*SUPPLIED MATERIAL*:
Segment Open

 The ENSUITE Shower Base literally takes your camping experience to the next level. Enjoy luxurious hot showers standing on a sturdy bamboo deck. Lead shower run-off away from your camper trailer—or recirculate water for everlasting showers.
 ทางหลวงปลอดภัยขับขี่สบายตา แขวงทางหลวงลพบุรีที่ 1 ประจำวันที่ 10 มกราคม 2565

Segment Closed
Segment Open

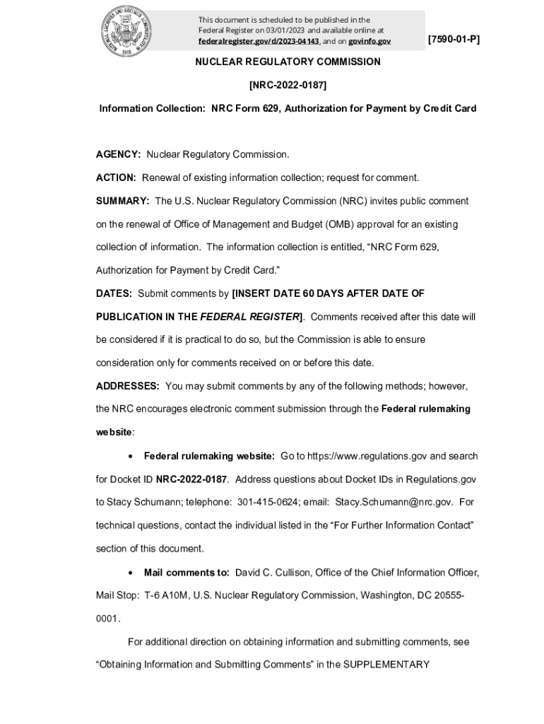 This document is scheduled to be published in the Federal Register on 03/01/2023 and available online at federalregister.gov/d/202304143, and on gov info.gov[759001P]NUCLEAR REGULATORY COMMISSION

Segment Closed

Copy out, word for word, the part of the entries above that begins at the line with "The ENSUITE Shower" and ends at the line with "ทางหลวงปลอดภัยขับขี่สบายตา แขวงทางหลวงลพบุรีที่ 1", including both.

*RESULT OF THIS EXERCISE*:
 The ENSUITE Shower Base literally takes your camping experience to the next level. Enjoy luxurious hot showers standing on a sturdy bamboo deck. Lead shower run-off away from your camper trailer—or recirculate water for everlasting showers.
 ทางหลวงปลอดภัยขับขี่สบายตา แขวงทางหลวงลพบุรีที่ 1 ประจำวันที่ 10 มกราคม 2565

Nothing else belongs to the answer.